Here's how Naughty goes psycho. The other bears in his life don't invite him to a birthday party. Then he hears a vengeful, British-sounding narrator-voice in his head, egging him on to murder.
"They are hiding the cake," the voice inside Naughty's head says cheerfully. "Do something about all this nonsense!"
For the rest of the game, you play as Naughty, jogging around a small island, using axes, knives, guns and baseball bats to shoot or beat the stuffing (literally) out of other teddy bears.
In a sense, Naughty is just another hack-and-slash game. But two elements make Naughty unique, not merely unusual:
A) You portray a terrorist protagonist, earning more points if you terrorize bears, watching them limp in agony before you slay them. The game's instructions read, "This is what we like to call 'stressing the meat.'...Keep injured bears alive so everyone notices them."
B) You can press a button to scream "boo," which sometimes makes rivals shoot themselves in the head or club themselves to death.
Those are groundbreaking twists in hack-and-slash. I bet a subgenre of terrorist-torture games will emerge, and we'll say they're Naughty.

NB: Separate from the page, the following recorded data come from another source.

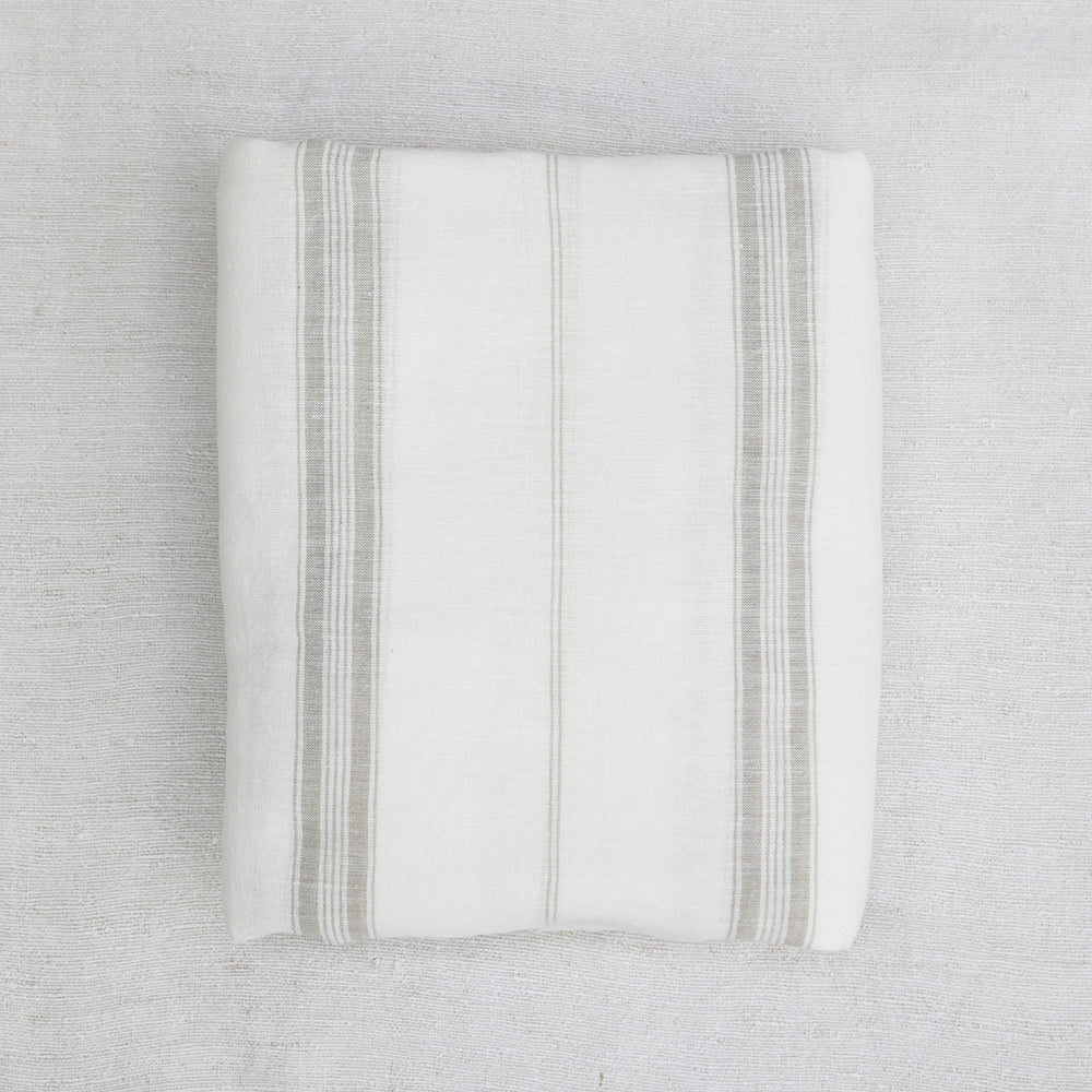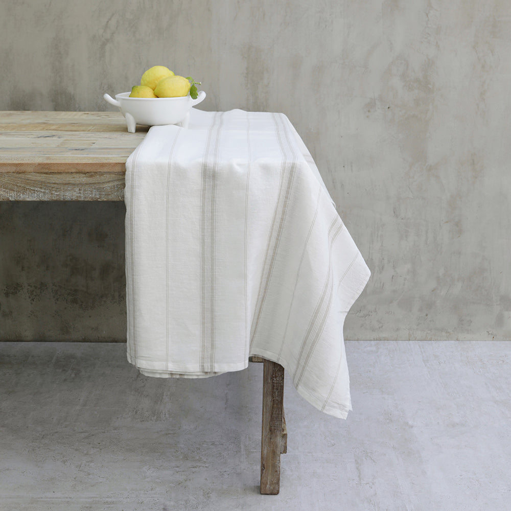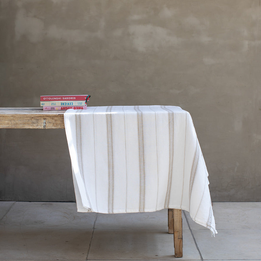 Mantel en mezcla de lino y algodón en tonos blanco y beige, ideal para crear una mesa elegante, cálida y natural.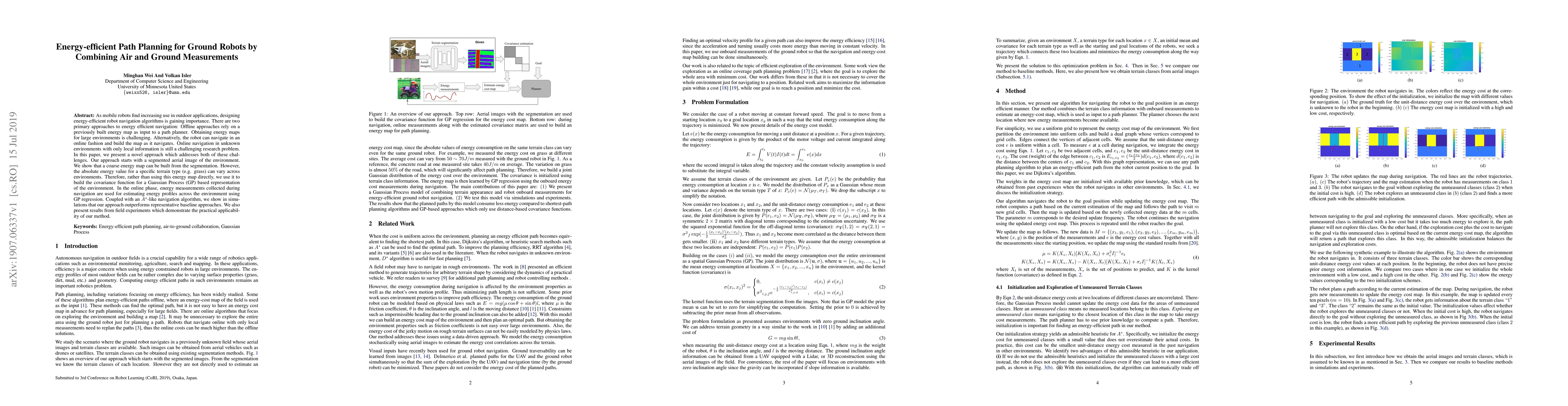 This paper proposes a hybrid energy-efficient path planning method for ground robots that combines aerial imagery and ground measurements. It uses a segmented aerial image to create a coarse energy map, which is then refined using Gaussian Process regression with online measurements, leading to improved navigation performance compared to baseline methods, as shown in both simulations and field experiments.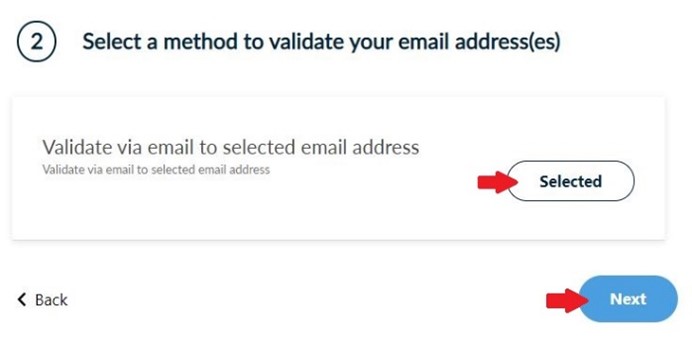 In case you included your email address(es), you have to select one of the following email validation methods to prove you control/own your email address(es). Then, click Next.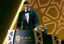 توج اللاعب المغربي أشرف حكيمي مساء اليوم في الرباط بجائزة الكرة الذهبية الإفريقية 2025 بعد موسم استثنائي مع باريس سان جرمان وتألقه مع المنتخب المغربي، متقدماً على المصري محمد صلاح والنيجيري فيكتور أوسيمهين.

However, this game's scope is too narrow, taking place on a tiny island. The island is drawn rudimentarily. Camera angles can stink. The online multiplayer is too choppy. To me, the killing is so repetitive, Naughty Bear is a rental.
Like the violent cartoon Happy Tree Friends, the tone of Naughty is definitely meant to be funny. As in, isn't it funny how - when you kill Bubbles, Pudding and Nibbles with a golf club - you hold their heads on the ground and tee off their skulls? Kill them all to earn the merit, "Total Defluffication."
But if you want a serious point, I'll give you an option:
The psycho-narrator's lightheartedness ("How dreadful!") reminds me of Daniel Franzese in Mean Girls ("You go, Glenn Coco"), but mostly of Malcolm McDowell in A Clockwork Orange ("Naughty, naughty, naughty! You filthy old soomka!").
If you remember the truth of Clockwork Orange and Mean Girls, it is that victims often become victimizers and vigilantes.
Likewise, Naughty Bear (like old gangsta rap) is a reflection of the society that produced it. That is, America has lived with terror for a decade, causing the tables to turn so that victimized America became the victimizer, torturing real-life POWs and now - virtual teddy bears!
Then again, maybe the moral is simply: If you throw a birthday party, make sure you invite potential murderers, or else they might murder you.